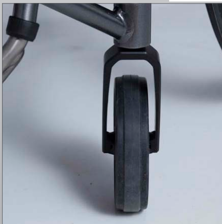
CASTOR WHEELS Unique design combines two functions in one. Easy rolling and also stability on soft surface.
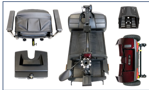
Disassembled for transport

-=-=-

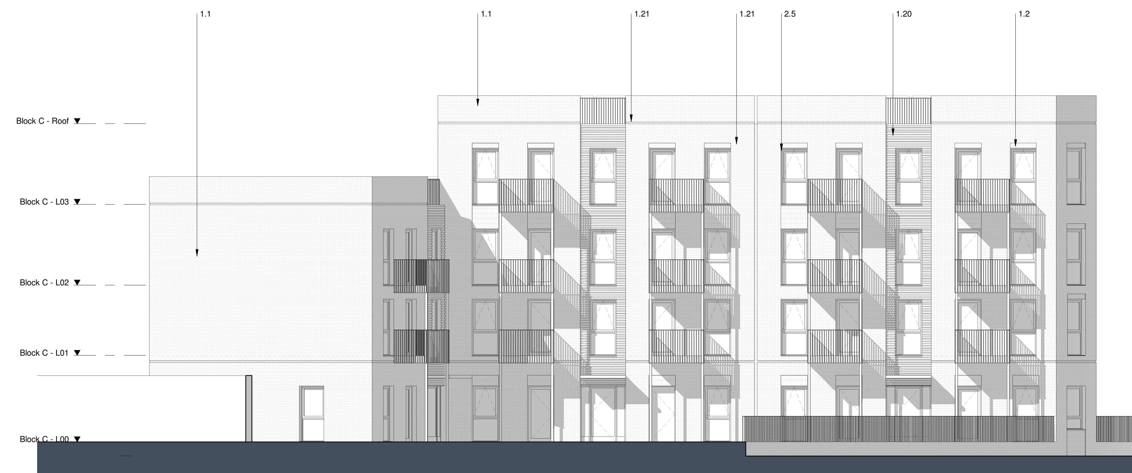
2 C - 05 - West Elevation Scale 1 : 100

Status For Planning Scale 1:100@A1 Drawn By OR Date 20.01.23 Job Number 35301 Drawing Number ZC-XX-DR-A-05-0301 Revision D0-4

-=-=-

Your answer should be a single number: the count of lines in the material above that contain "Scale".

2